**EXERCISE PROMPT**
Below are some entries. Transcribe the lines from the one holding "4. Дальше как" to the one holding "At the start", inclusive, but not the pictures among them.

**DATA**
┄┄┄┄┄┄┄┄┄┄

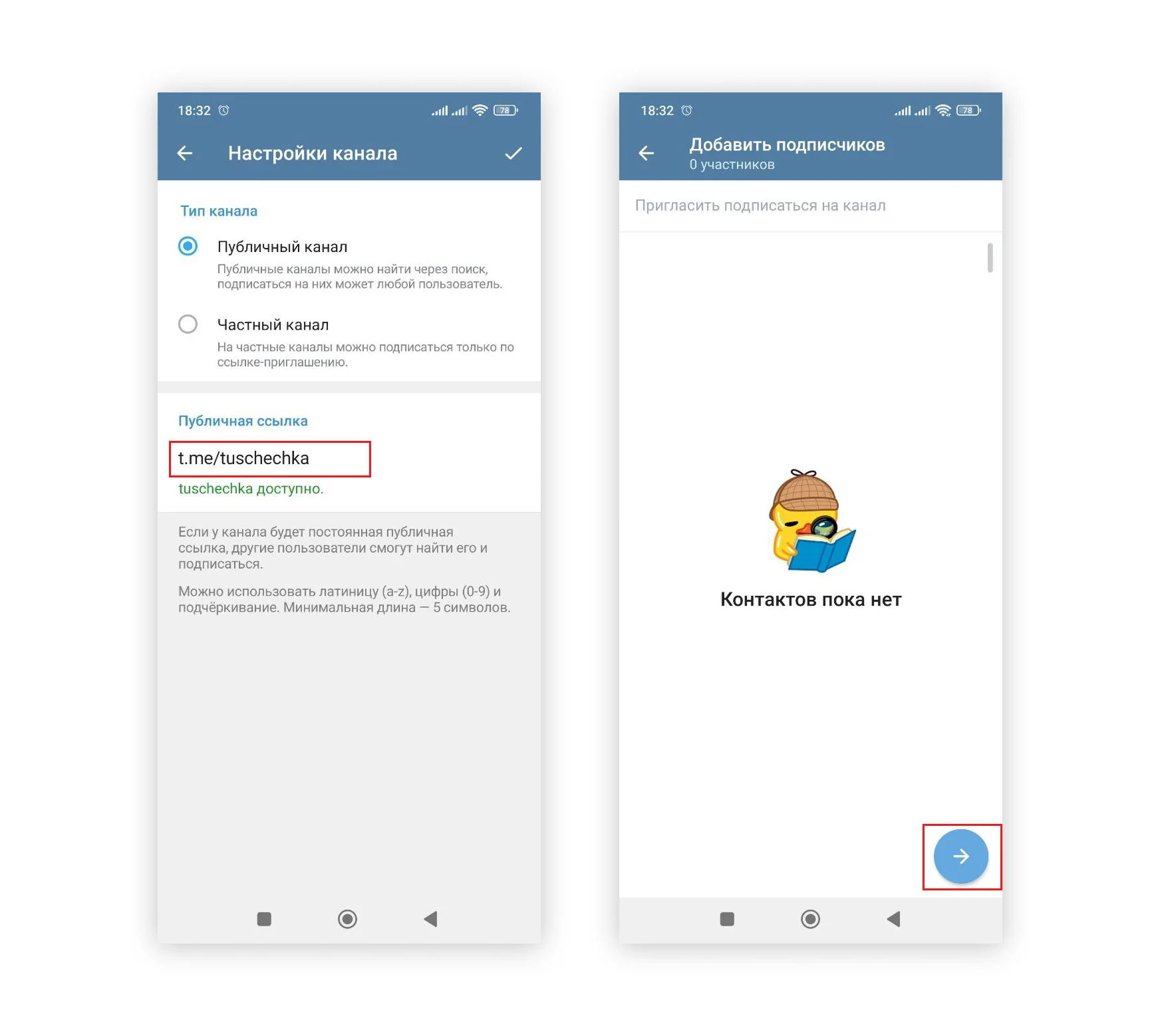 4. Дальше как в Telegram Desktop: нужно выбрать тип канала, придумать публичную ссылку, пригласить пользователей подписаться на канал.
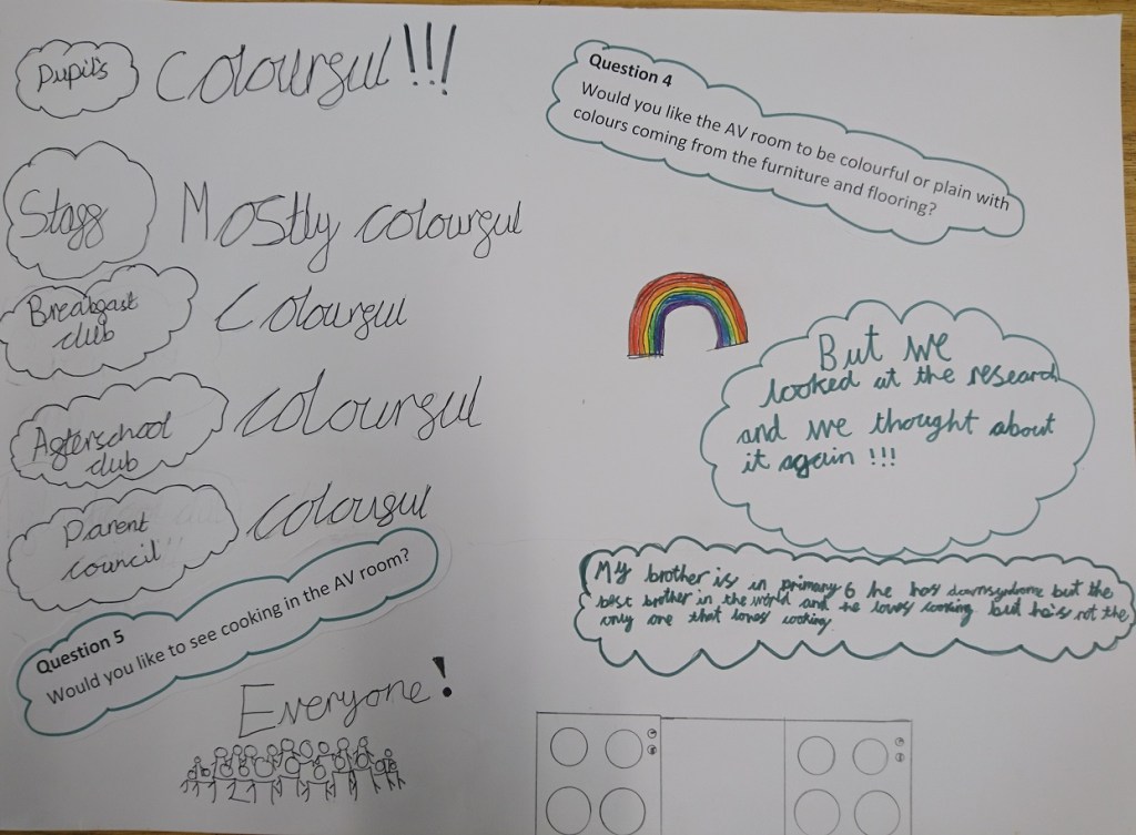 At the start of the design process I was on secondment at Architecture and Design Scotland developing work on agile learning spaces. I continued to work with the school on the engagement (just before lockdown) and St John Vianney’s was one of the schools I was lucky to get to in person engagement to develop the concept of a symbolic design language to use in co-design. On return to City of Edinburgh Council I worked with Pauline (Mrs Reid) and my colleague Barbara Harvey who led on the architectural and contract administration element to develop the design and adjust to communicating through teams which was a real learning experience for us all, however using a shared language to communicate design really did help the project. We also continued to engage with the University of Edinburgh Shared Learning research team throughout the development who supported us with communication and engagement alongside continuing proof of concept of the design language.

┄┄┄┄┄┄┄┄┄┄

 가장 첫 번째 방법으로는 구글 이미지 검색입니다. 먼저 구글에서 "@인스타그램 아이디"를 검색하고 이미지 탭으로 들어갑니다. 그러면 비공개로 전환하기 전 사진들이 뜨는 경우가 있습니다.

┄┄┄┄┄┄┄┄┄┄

**RESULT**
 4. Дальше как в Telegram Desktop: нужно выбрать тип канала, придумать публичную ссылку, пригласить пользователей подписаться на канал.
 At the start of the design process I was on secondment at Architecture and Design Scotland developing work on agile learning spaces. I continued to work with the school on the engagement (just before lockdown) and St John Vianney’s was one of the schools I was lucky to get to in person engagement to develop the concept of a symbolic design language to use in co-design. On return to City of Edinburgh Council I worked with Pauline (Mrs Reid) and my colleague Barbara Harvey who led on the architectural and contract administration element to develop the design and adjust to communicating through teams which was a real learning experience for us all, however using a shared language to communicate design really did help the project. We also continued to engage with the University of Edinburgh Shared Learning research team throughout the development who supported us with communication and engagement alongside continuing proof of concept of the design language.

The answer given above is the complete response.